What the brain retraining people say, and I hate that term because it sounds very woo-woo and it's kind of bullshitty.
But what these folks say is actually much more like what an addiction is.
specialists might say, which is you have a physiological state that is going to take a long time to recover from.
Right now, we don't have a lot of good interventions for it, but we've seen a lot of success with slow, steady progress in communities that share stories that are positive and help people stick to certain plans.
And sometimes people relax, and sometimes these plans don't work, and no one is saying that you are choosing to experience these symptoms.
But why not give it a shot?
That, I think, is a lot more like what's happening here.
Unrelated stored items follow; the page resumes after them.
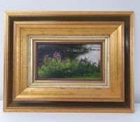 Serguei TOUTOUNOV (1958) "Vase au bouquet de bleuets" et "Bord de rivière aux iris" Deux huiles sur panneaux d'isorel. Signées en bas à droite. Dimensions : 27 x 19 cm et 11 x 19 cm. (Encadrées)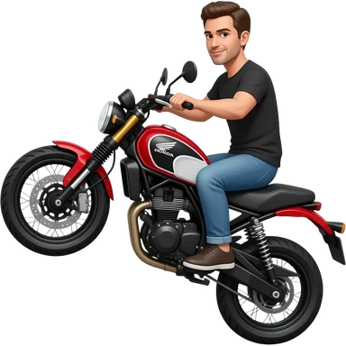 A middle age man “wheelie” the motorcycle honda Red 250 cc 1985 emoji
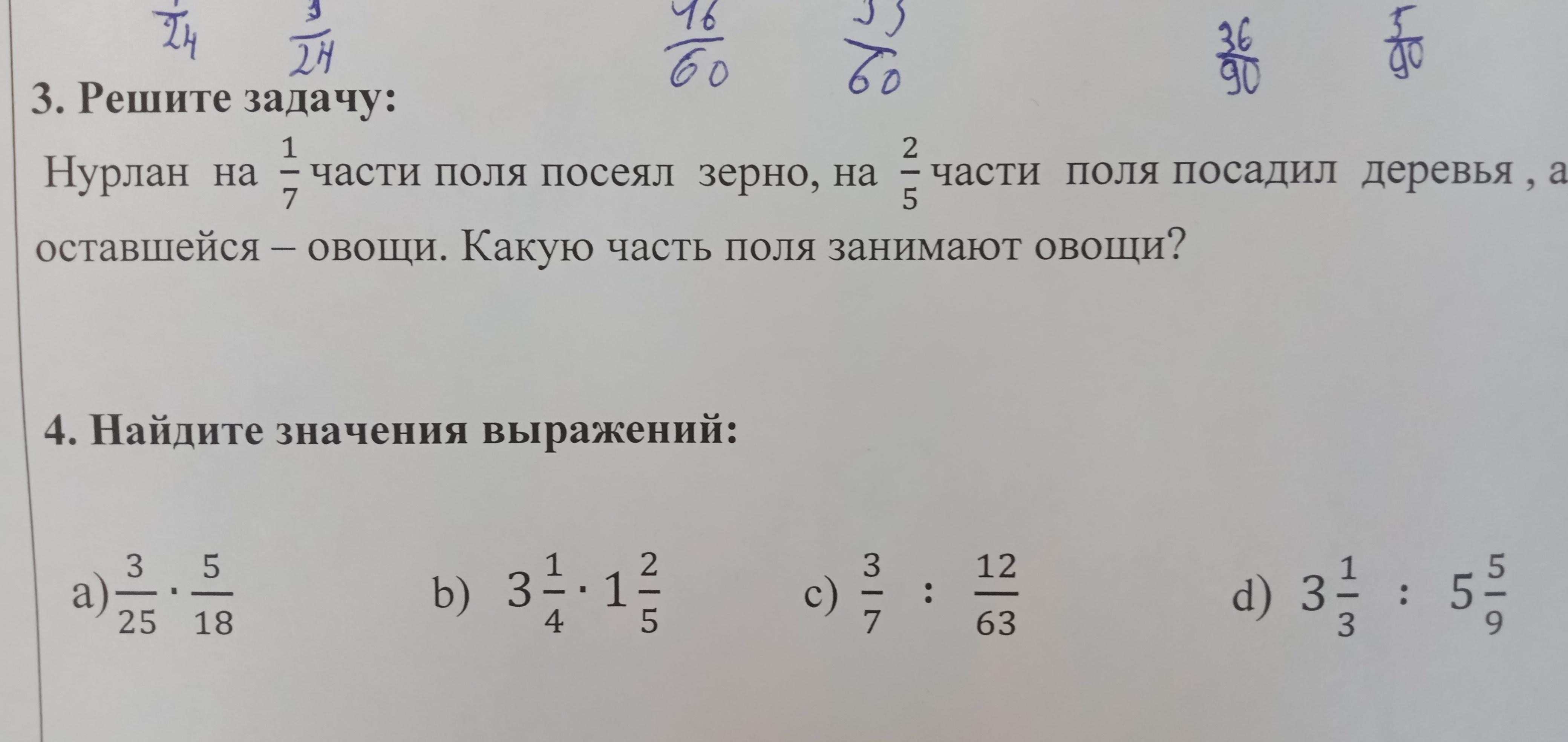 2) 6/7-2/5=(30-14)/35=16/35 - овощи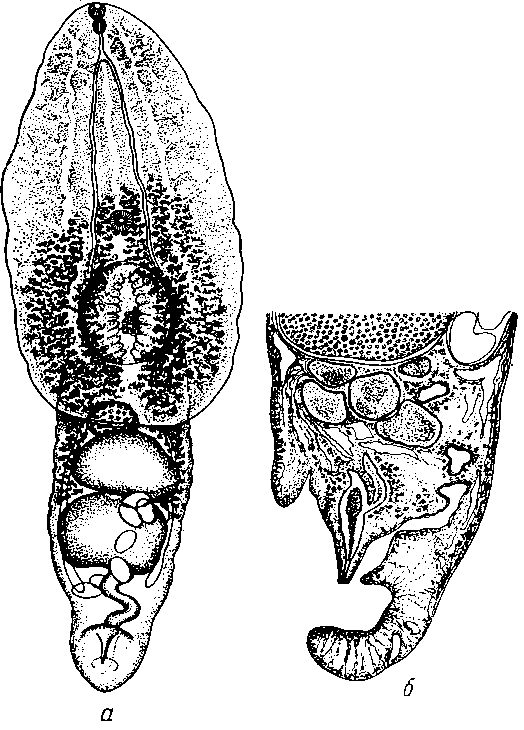 a — общий вид мариты; б — сагиттальный срез заднего конца тела
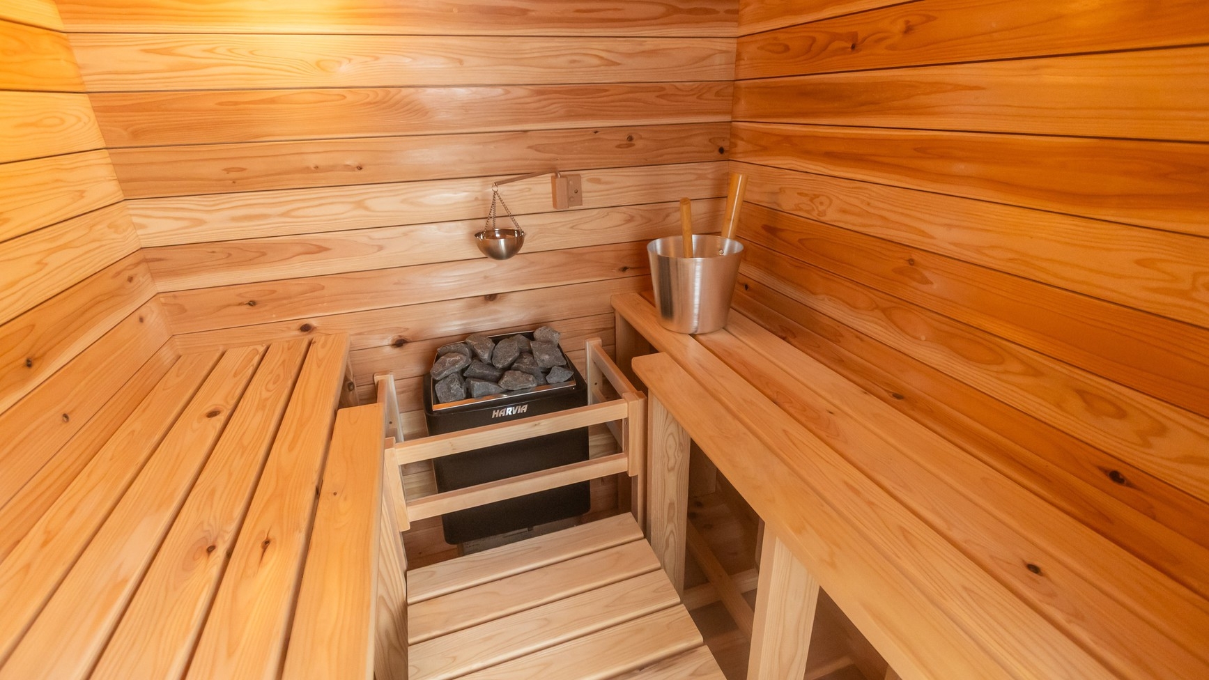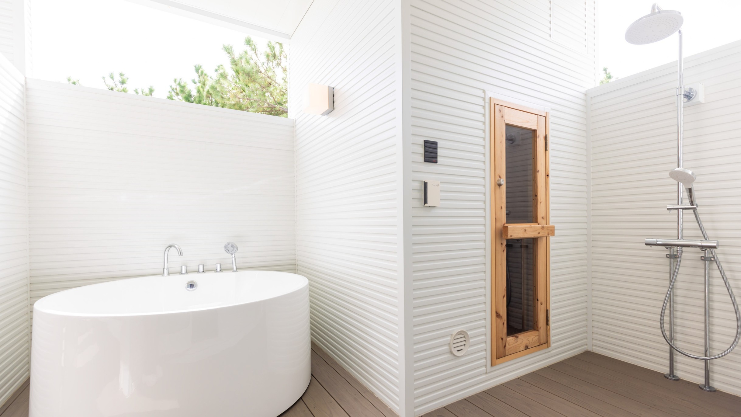 サウナと露天ジャグジーのあるLuxuryトレーラーハウス リビングルームとベッドルーム、サニタリールームも充実! テラスではのんびりとリラックス♪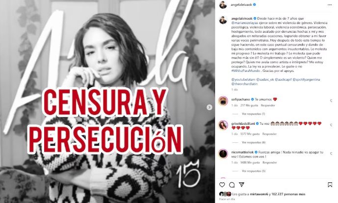 “Hoy después de todo este tiempo lo sigue haciendo, en este caso puntual censurando y dando de baja mis contenidos con argumentos insustentables”, escribió, junto a imágenes de notificaciones que le llegaron por violación de los derechos de autor de algunas de sus canciones, solicitadas por su expareja.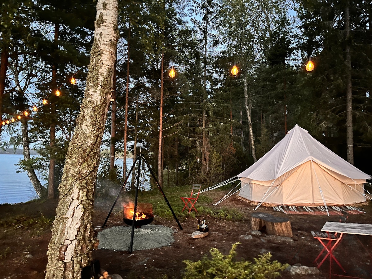 Disfruta de la profunda y silenciosa tranquilidad del bosque en una encantadora y espaciosa tienda de campaña con una estufa de leña y cómodos muebles. Incl. edredones/almohadas, excl. ropa de cama. Cocina en una chimenea rústica con una gran selección de utensilios y leña ilimitada. Hay acceso adicional al baño, la bañera y la cocina con todas las instalaciones de cocina. La hermosa naturaleza de Småland está justo fuera de la puerta de la tienda, ya sea que desee caminar, andar en bicicleta, pescar, nadar o simplemente relajarse En la temporada adecuada, hay bayas y setas que se pueden recoger para las comidas.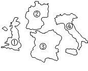 5、单选题 读下面四个欧洲国家轮廓图(按等比例缩放),回答问题。

The only difference, and again, I don't have to talk to you about this, obviously, but people would say, well, there's a big difference.
These post-acute infection syndromes aren't caused by choices I made in the past.
And it's like, whatever, man.
Are you blaming addicts for their state and you're saying you're different from them fundamentally because you didn't choose to get infected by a virus?
But that's also cruel.
And that's also misguided.
So I would push back hard on that objection to the analogy I'm making here.
Either way, the broader physiological point remains.
And I just think it's really important that people see that.